Open Compute unveils AMD Open 3.0, Intel photonics

January 17, 2013 | 11:22

Tags: #appliedmicro #data-centre #quanta #server #silicon-photonics

Companies: #arm #calxeda #facebook #intel #open-compute #tyan

The Open Compute Project - founded by Facebook to bring new technologies to the server market in the name of improving efficiency - has made a raft of announcements this week, including Intel's first open-source silicon photonics designs and a new modular server system from AMD.

First, AMD's offering. Dubbed Open 3.0, previously known under the codename Roadrunner, the server platform uses a modular design to improve the efficiency, flexibility and cost of server systems. Bemoaning the current 'one size fits most' approach used by server vendors, Open 3.0 uses a custom AMD G34 motherboard measuring 16in x 16.5in and designed for installation in 1U, 1.5U, 2U or 3U 19in rack chassis along with a pair of Opteron 6300 processors to build a central platform which can be customised for almost any workload.

As an example, AMD explains that the system can be configured for use as a high-performance computing (HPC) cluster node with 1 DIMM per memory channel, support for six SATA drives straight off the southbridge, a single SR5670 tunnel and an on-board gigabit Ethernet connector with support for 10Gb Ethernet via an add-in mezzanine module board in a 1U chassis. For general-purpose use, the system can be shoved into a 2U chassis which adds support for up to 25 2.5in SATA or SAS drives, one full-height and one half-height PCI Express slots and the same 10Gb Ethernet connectivity via a mezzanine board. For storage use, the Open 3.0 platform can be placed into a 3U chassis to provide room for four full-height short-length PCI Express cards and a whopping 35 2.5in drives.

With room for 12 memory sockets on all versions - with just the number of sockets per channel varying between workload configurations - the Open 3.0 platform is certainly not lacking in expandability options, although the earlier-promised support for all AMD server processors has yet to materialise.

'We became involved with the Open Compute Project very early as we saw a pervasive demand for simplified, energy efficient servers, claimed Suresh Gopalakrishnan, corporate vice president and general manager of AMD's server division. 'Our goal is to reduce data centre power consumption and cost yet increase performance and flexibility – we believe that AMD Open 3.0 achieves this.'

Currently, the AMD Open 3.0 platform isn't ready for a retail release, but the company has partnered with Tyan and Quanta to build the production version with a view to releasing hardware into the market by the end of this quarter.

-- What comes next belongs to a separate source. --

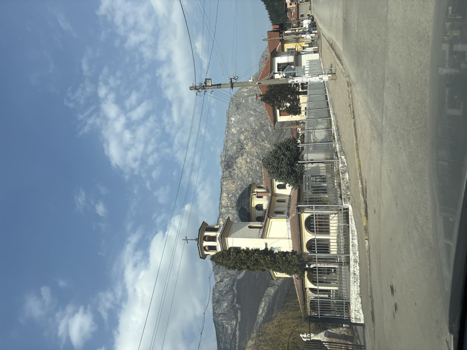 The image presents a daytime street scene in Zgorigrad, Bulgaria. A light yellow Orthodox church with a red-tiled roof occupies the central-left, featuring a multi-tiered bell tower topped with a dark, octagonal roof and a cross. Behind the tower, a large, dark dome is visible. The church's lower section includes an arched portico, and the grounds are enclosed by a grey metal fence. A tall, slender evergreen tree stands adjacent to the bell tower, with smaller trees present within the church compound. A white sign displaying black Cyrillic text, reading "Къща Захари Стоянов Музей-Галерия" (House of Zahari Stoyanov Museum-Gallery), is affixed to the fence. A paved asphalt road curves gently uphill and to the right in the foreground and midground. A concrete sidewalk borders the church property and extends along the right side of the road. Several two-story residential-style buildings with light-colored facades and red-tiled roofs line the right side of the street. A utility pole supporting multiple overhead power lines is situated on the right side of the road, and additional power lines traverse the upper part of the frame. The background is dominated by large, grey, rocky mountains with some sparse vegetation. The sky is blue with scattered white cumulus clouds. No individuals are visible. The perspective suggests the photograph was taken from inside a vehicle, evidenced by a reflection on the lower edge of the frame.

Intel, a fellow member of the Open Computer Project, has also added a fancy new offering to the group's technology stable: an open-source implementation of its silicon photonics interconnect technology. According to Intel's internal measurements, provided by chief technology officer Justin Rattner at the Open Computer Summit earlier this week, engineering samples of the provided technology allow for up to 100Gb/s data rates using a fraction of the power required by traditional copper-based electrical interconnects.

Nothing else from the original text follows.